Thanks. One of the things I was worried about was causing unnecessary
conflicts with existing topics, including your work. But if everybody is
on board, I'd be happy to see this go in early in the next release cycle
(the longer we wait, the more annoying conflicts Junio has to resolve).


I'm happy to take this change whenever. In my opinion, right after 
v2.19.0 is cut would be a great time to merge it into master.


This v2 is good.

Reviewed-by: Derrick Stolee 



Re: [PATCH 0/9] introducing oideq()

2018-08-28 Thread Jeff King
On Sun, Aug 26, 2018 at 08:56:21PM +, brian m. carlson wrote:

> > Due to the simplicity of the current code and our inlining, the compiler
> > can usually figure this out for now. So I wouldn't expect this patch to
> > actually improve performance right away. But as that discussion shows,
> > we are likely to take a performance hit as we move to more runtime
> > determination of the_hash_algo parameters. Having these callers use the
> > more strict form will potentially help us recover that.
> > 
> > So in that sense we _could_ simply punt on this series until then (and
> > it's certainly post-v2.19 material). But I think it's worth doing now,
> > simply from a readability/annotation standpoint. IMHO the resulting code
> > is more clear (though I've long since taught myself to read !foocmp() as
> > equality).
> 
> I would quite like to see this series picked up for v2.20.  If we want
> to minimize performance regressions with the SHA-256 work, I think it's
> important.

Thanks.
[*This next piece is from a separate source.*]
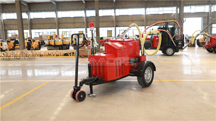 作為路面常見問題的裂縫,我們對此采取的態(tài)度是:及時封閉,禁止蔓延。瀝青灌縫機是對裂縫進行熱修補的設備,將瀝青料加熱灌入裂縫中,使灌縫料與裂縫貼合,封閉裂縫,禁止其蔓延。在瀝青灌縫機施工過程中需要配合的是,對裂縫進行擴縫,并清理干凈,讓灌縫料與裂縫面更好的貼合。
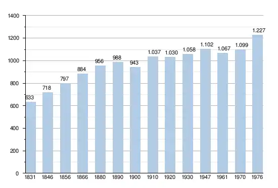 - Sources:INS, Rem:1831 jusqu'en 1970=recensements, 1976= nombre d'habitants au 31 décembre

One of the things I was worried about was causing unnecessary
conflicts with existing topics, including your work. But if everybody is
on board, I'd be happy to see this go in early in the next release cycle
(the longer we wait, the more annoying conflicts Junio has to resolve).

> Applying the following patch on top of this series causes gcc to inline
> both branches, which is pretty much the best we can expect.  I haven't
> benchmarked it, though, so I can't say what the actual performance
> consequence is.
> [...]
> diff --git a/cache.h b/cache.h
> index 3bb88ac6d0..1c182c6ef6 100644
> --- a/cache.h
> +++ b/cache.h
> @@ -1033,7 +1033,10 @@ static inline int oidcmp(const struct object_id *oid1, 
> const struct object_id *o
>  
>  static inline int hasheq(const unsigned char *sha1, const unsigned char 
> *sha2)
>  {
> - return !hashcmp(sha1, sha2);
> + if (the_hash_algo->rawsz == 32) {
> + return !memcmp(sha1, sha2, 32);
> + }
> + return !memcmp(sha1, sha2, 20);
>  }

Yeah, I can reproduce that, too.  I'm actually surprised that's enough
to convince the compiler to inline, based on my earlier tests. I wonder
if it is because it is more able to see the boolean nature of the
memcmp() (i.e., in the earlier versions it was not willing to carry that
information across the conditional boundary for some reason). Or perhaps
it is that this is written slightly differently from my earlier case,
where the fallback did not say "32" explicitly, but rather:

  return memcmp(sha1, sha2, the_hash_algo->rawsz);

For your form, we'd probably want to add a third case arm with a BUG(),
just in case.

> As for this series itself, other than the typos people have pointed out,
> it looks good to me.

Thanks. Here it is again with those typos fixed, but no changes to the
patches themselves.

 1:  7bcf611959 =  1:  7bcf611959 coccinelle: use <...> for function exclusion
 2:  6025ebe5d1 !  2:  0e90944f5a introduce hasheq() and oideq()
@@ -5,11 +5,10 @@
 The main comparison functions we provide for comparing
 object ids are hashcmp() and oidcmp(). These are more
 flexible than a strict equality check, since they also
-express ordering. That makes them them useful for sorting
-and binary searching. However, it also makes them
-potentially slower than a strict equality check. Consider
-this C code, which is traditionally what our hashcmp has
-looked like:
+express ordering. That makes them useful for sorting and
+binary searching. However, it also makes them potentially
+slower than a strict equality check. Consider this C code,
+which is traditionally what our hashcmp has looked like:
 
   #include 
   int hashcmp(const unsigned char *a, const unsigned char *b)
@@ -51,7 +50,7 @@
 though the vast majority don't.
 
 We can solve that by introducing a hasheq() function (and
-matching oideq() wrapper), which callers can use to make
+matching oideq() wrapper), which callers can use to make it
 clear that they only care about equality. For now, the
 implementation will literally be "!hashcmp()", but it frees
 us up later to introduce code optimized specifically for the
 3:  35a05a7e5c =  3:  4f1ea17e79 convert "oidcmp() == 0" to oideq()
 4:  b18fc3994d =  4:  6614cc71e4 convert "hashcmp() == 0" to hasheq()
 5:  0fbcfcf7cc =  5:  c3dd2b2c80 convert "oidcmp() != 0" to "!oideq()"
 6:  32e169b886 =  6:  c94914f1ef convert "hashcmp() != 0" to "!hasheq()"
 7:  b90051c38b =  7:  c773fa9ca4 convert hashmap comparison functions to 
oideq()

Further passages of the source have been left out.